- Born: 27 October 1940 Náchod, Protectorate of Bohemia and Moravia
- Died: 21 June 1994 (aged 53) Dublin, Ireland
- Education: Charles University
- Known for: research into the neurotransmitter substance P scepticism in medicine study of Joyce's Finnegans Wake
- Spouse: Věra Čapková
- Awards: 2018 Stearne medal (Royal College of Physicians of Ireland)
- Scientific career
- Fields: Toxicology Neuroendocrinology
- Workplaces: Charles University Jervis Street Hospital Mater Misericordiae University Hospital Trinity College Dublin
- Thesis: Inappropriate production of hormonal peptides in neoplasia (1979)

= Petr Skrabanek =

Czech-Irish physician

Petr Skrabanek (Petr Škrabánek; 27 October 1940 – 21 June 1994) was a Czech-Irish physician, professor of medicine and author of several books and many articles.
Skrabanek was described by Ben Goldacre as "a lifelong champion of clear thinking, scepticism, and critical appraisal", and expressed vocal criticism of what he dubbed "cacademics", "quackupuncturists" and "nonsensus-consensus".
Skrabanek was a polymath, loving jazz, history, literature and playing the piano. He spoke several languages thanks to which he was able to deeply study Joyce's last work - the avant-garde novel Finnegans Wake.

==Career==
Skrabanek studied chemistry, joining the faculty of Natural Sciences at Charles University in Prague in 1957. Following his studies he was a researcher at the Institute for Toxicology and Forensic Medicine in Prague, graduating in 1962. He also frequently contributed short articles to the Czechoslovak science journal Vesmír.

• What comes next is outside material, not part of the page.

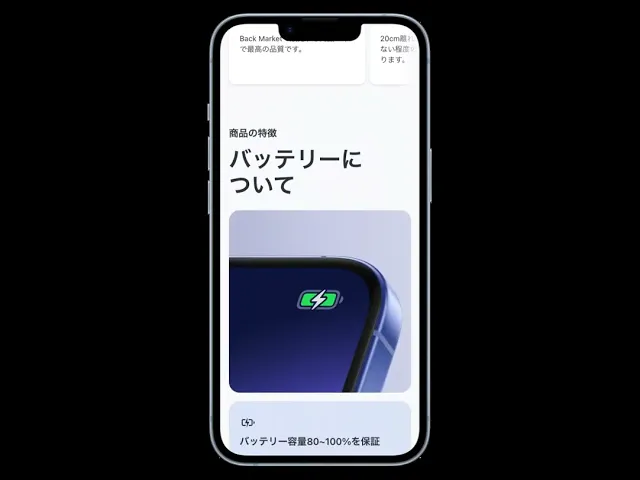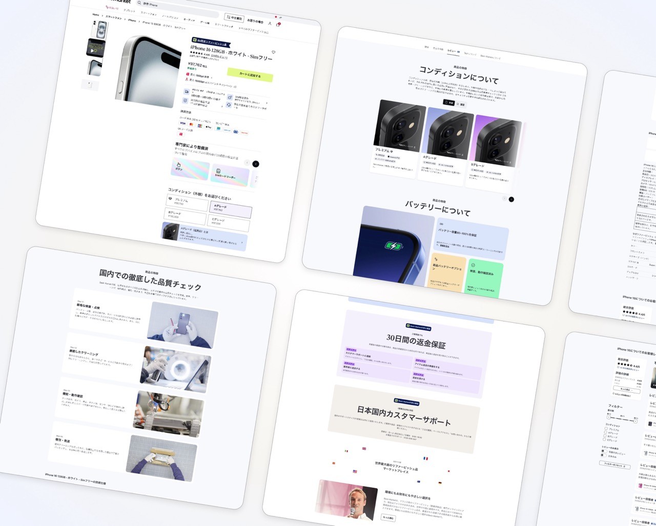 Kept the same mix-and-match model — one step per screen, low-context, conversion-focused. But we added Japan-specific content: condition details, battery health, warranty information, review context. Same interaction paradigm, more information.
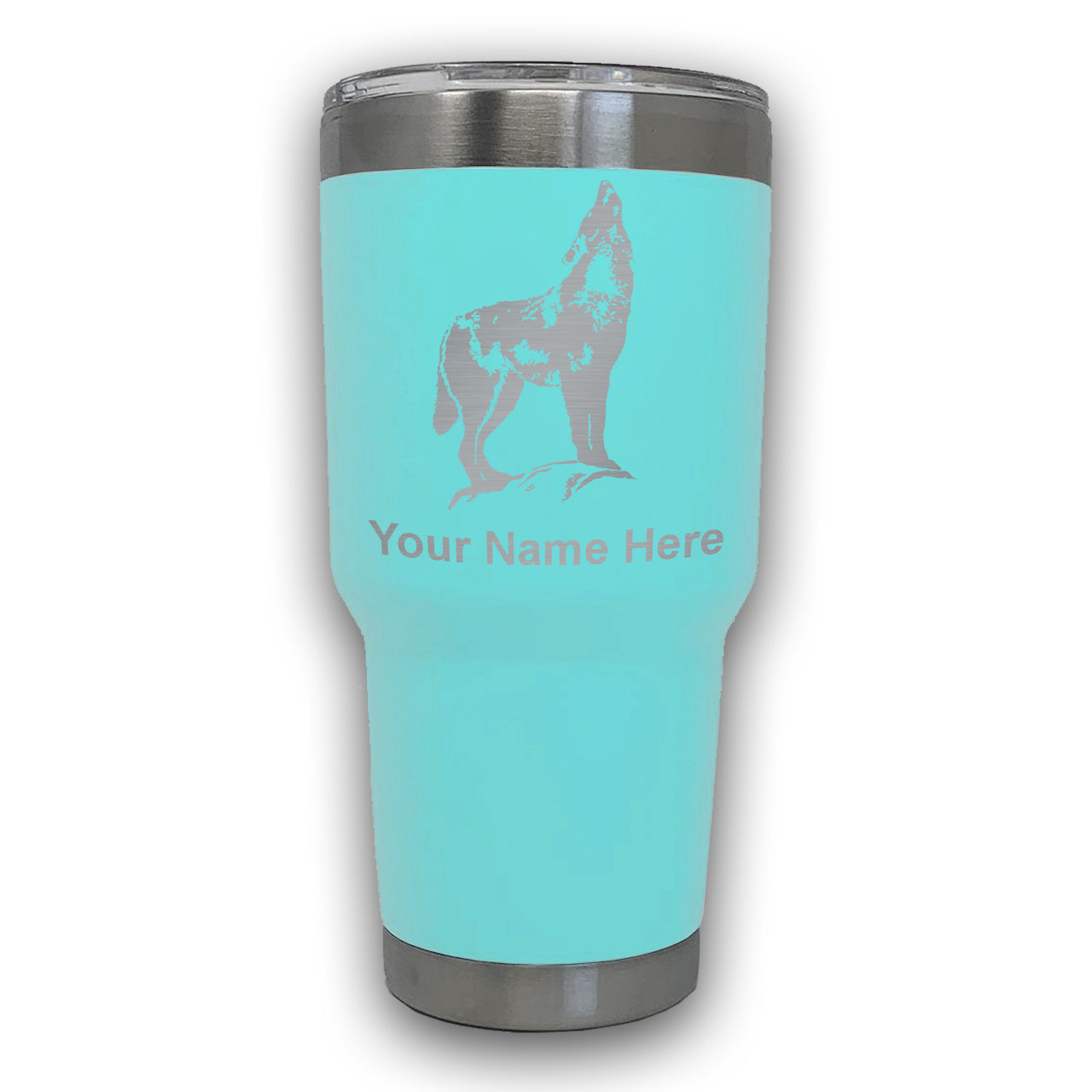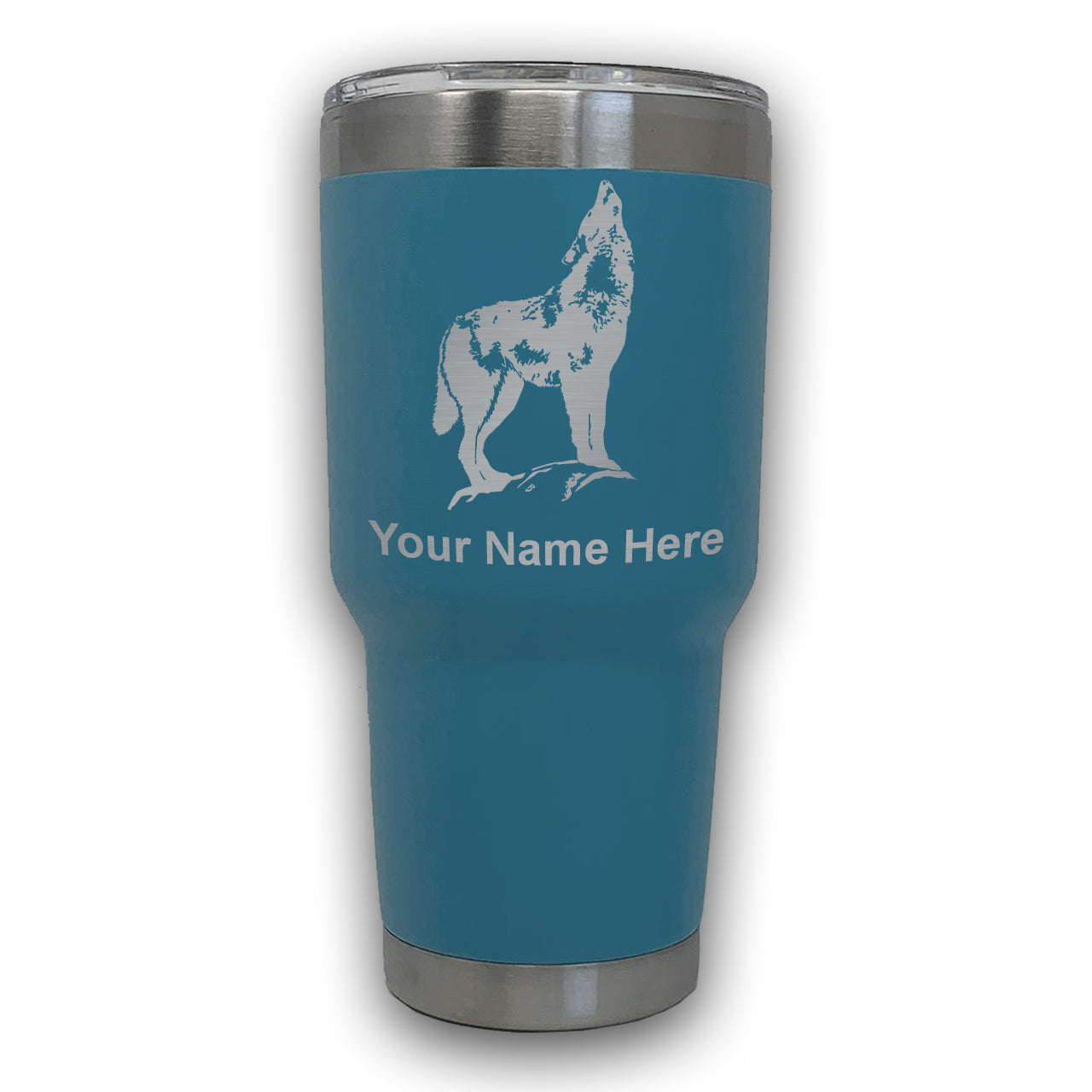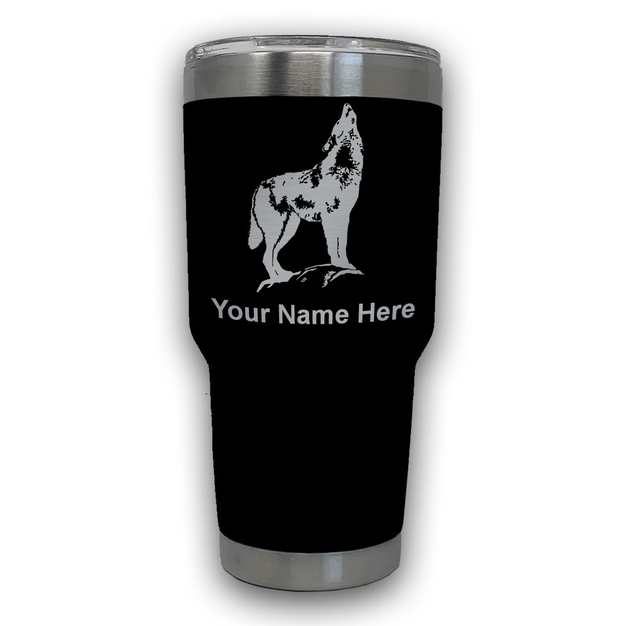 LaserGram 30oz Tumbler Mug, Howling Wolf, Personalized Engraving Included

Beginning in 1963, Skrabanek studied medicine at the Jan Evangelista Purkyně University in Brno, and wrote abstracts from journals published in Slavonic languages for Chemical Abstracts. Later he worked as an expert in forensic toxicology in Prague. In 1967 Skrabanek was selected to spend a month in Galway Regional Hospital.

When the Soviets invaded Czechoslovakia in July 1968, he and his wife Věra Čapková were on holiday in Ireland and they remained there as emigrants.
Soon after, he was admitted to the Royal College of Surgeons in Ireland to finish his medical studies, qualifying
LAH in 1970. For the next four years he worked for the Medical Research Council laboratory and the department of internal medicine of Jervis Street Hospital. He left this post in 1975 to join the Endocrine oncology research team at the Mater Misericordiae University Hospital as a senior research fellow, and as a leading specialist, he became involved in research into the neurotransmitter substance P. At the same time he completed his doctoral thesis "Inappropriate Production of Hormonal Peptides in Neoplasia".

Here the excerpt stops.